Lesson 10: System of Linear equations with two or three variables and their solutions
Lesson Objective
Dear learner,
by the end of this lesson you will be able to:
- Find associated augmented matrix of a linear system of equations
- Solve systems of equations in two or three variables using the elementary operations
- Determine inverse of a square matrix by using elementary row operations
- Apply principles of matrices to solve problems solve real life problems by using matrices concept
Key Terms
- Augmented matrix
- one solution
- no solution
- many solution
Brainstorming Activity
Dear learner, give a brief description for the following question.
- The sum of two numbers is 54 and their difference is 20. Then find the two numbers?
Solution:
you can solve this problem by defining the variables and sormulating equations as:
let $x$ and $y$ be the two numbers, then:
the sum of this numbers is 54 $\implies$ $x+y = 54$
the difference of this numbers is 20 $\implies$ $x – y = 20$.
therefore, the matrix form is of the form:
$\begin{pmatrix}1&1\\1&-1\end{pmatrix}$ $\begin{pmatrix}x\\y\end{pmatrix}$ = $\begin{pmatrix}54\\20\end{pmatrix}$
or $x+y =54$ and $x-y =20$ $\implies$ $x = 37$ and $y =17$
3.1. System of Linear Equations
Definition:
Let $a_ij, b_j \in \mathbb{R}$ for i = 1, 2, 3, ….,m and j = 1, 2, 3, …, n. Afinite set of linear equations:
$\begin{cases}a_{11}x_{1} + a_{12}x_{2} + a_{13}x_{3} +…+ a_{1n}x_{n} &= b_{1} \\
a_{21}x_{1} + a_{22}x_{2} + a_{23}x_{3} +…+ a_{2n}x_{n}& = b_{2}\\ a_{31}x_{1} + a_{32}x_{2} + a_{33}x_{3} + …+ a_{3n}x_{n}& = b_{3}\\…\\..\\ a_{m1}x_{1} + a_{m2}x_{2} + a_{m3}x_{3} + … + a_{mn}x_{n}& = b_{m}\end{cases}$
is said to be a system of linear equations with n variables $x_{1}, x_{2}, x_{3},…., x_{n}$
Example 1:
Let the following equations be given tell about the number of variables and equations
a). $\begin{cases}4x_{1} + 5x_{2} + x_{3}& =0 \\
2x_{1} + 8x_{2} + 9x_{3}& =0\\2x_{1} + 5x_{2} + 6x_{3}&=0\\x_{1} + 7x_{2} + 4x_{3}&=0\end{cases}$
b). $\begin{cases}4x_{1} + 5x_{2} + x_{3} + x_{4}&=0 \\
2x_{1} + 8x_{2} + 9x_{3} + 2x_{4}& =8\\2x_{1} + 5x_{2} + 6x_{3} + 6x_{4}& = 3\\x_{1} + 7x_{2} + 4x_{3} + 2x_{4}& = 9\end{cases}$
Solution:
a) . the system has 4 equations and 3 – variables. the system is said to be homogenous system of equations.

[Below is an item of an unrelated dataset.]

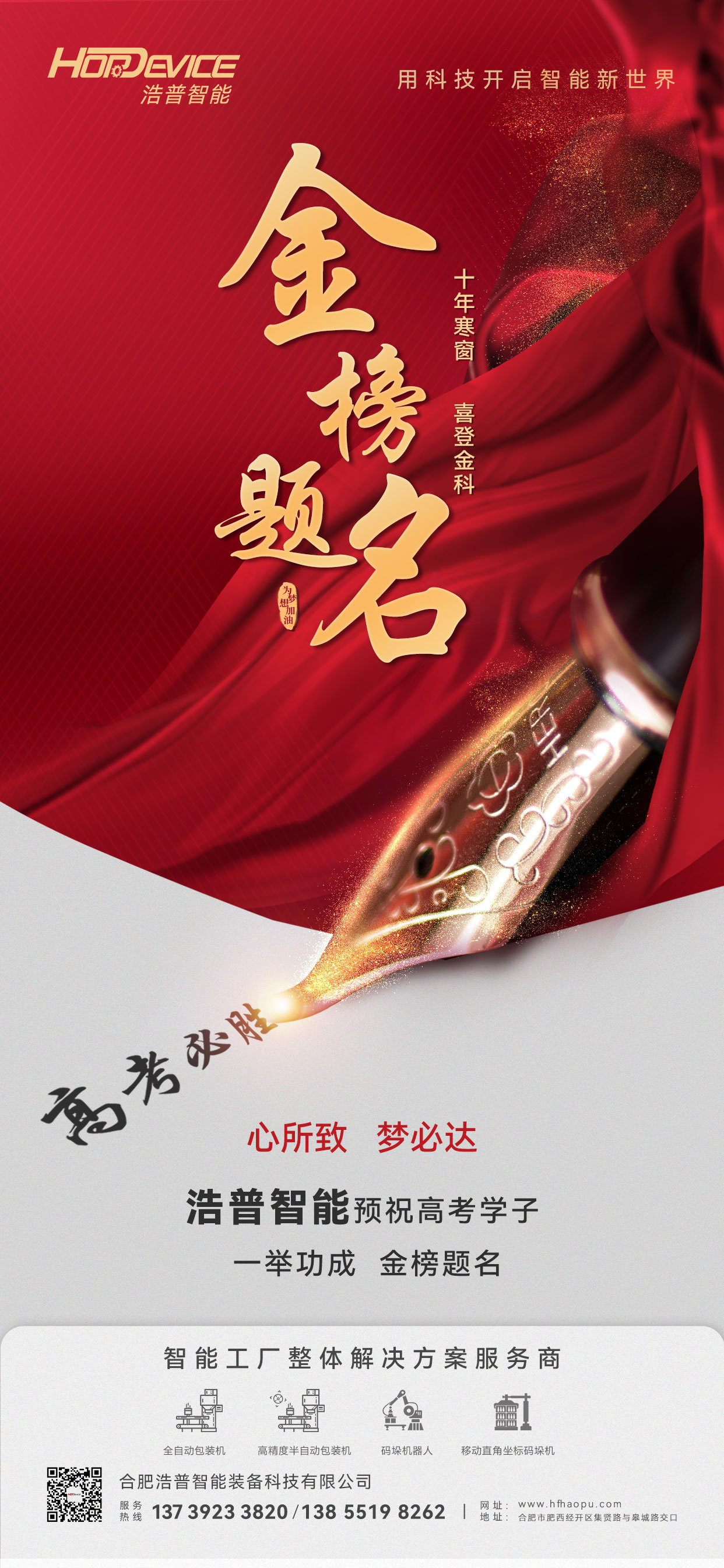 在這個(gè)陽(yáng)光明媚的六月,我們迎來(lái)了一年一度的高考。對(duì)于無(wú)數(shù)學(xué)子來(lái)說(shuō),這不僅是一場(chǎng)知識(shí)的考驗(yàn),更是一場(chǎng)青春的洗禮,一場(chǎng)智慧的較量。浩普智能,作為一家致力于科技創(chuàng)新和智能智造的企業(yè),我們深知智慧和勇氣的重要性。在此,浩普智能向每一位踏入考場(chǎng)的學(xué)子致以最誠(chéng)摯的祝愿,祝愿所有參加高考的學(xué)子們,旗開(kāi)得勝,金榜題名!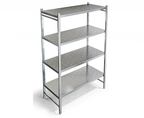 Четыре перфорированные полки из нержавеющей стали марки AISI 304 толщиной 0,8мм. Максимальная нагрузка на полку 150кг. Расстояние между полками регулируемое с шагом 120мм. Регулируемые опоры.

b). the system has 4 equations and 4 – variables.
Note:
In the linear system, $\begin{cases} a_{11}x_{1} + a_{12}x_{2} + a_{13}x_{3} + … + a_{1n}x_{n}:& = b_{1} \\
a_{21}x_{1} + a_{22}x_{2} + a_{23}x_{3} + … + a_{2n}x_{n}& = b_{2}\\a_{31}x_{1} + a_{32}x_{2} + a_{33}x_{3} + … + a_{3n}x_{n}& = b_{3}\\ …\\…\\a_{m1}x_{1} + a_{m2}x_{2} + a_{m3}x_{3} + … + a_{mn}x_{n}& = b_{m}\end{cases}$
where $\begin{pmatrix}b_{1}\\b_{2}\\b_{3} .\\.\\.\\b_{m}\end{pmatrix}$ are all zero, then the system is a homogenous system of linear equations.
and $\begin{pmatrix}b_{1}\\b_{2}\\b_{3} .\\.\\.\\b_{m}\end{pmatrix}$ are non-zero, then the system is a non-homogenous system of equations.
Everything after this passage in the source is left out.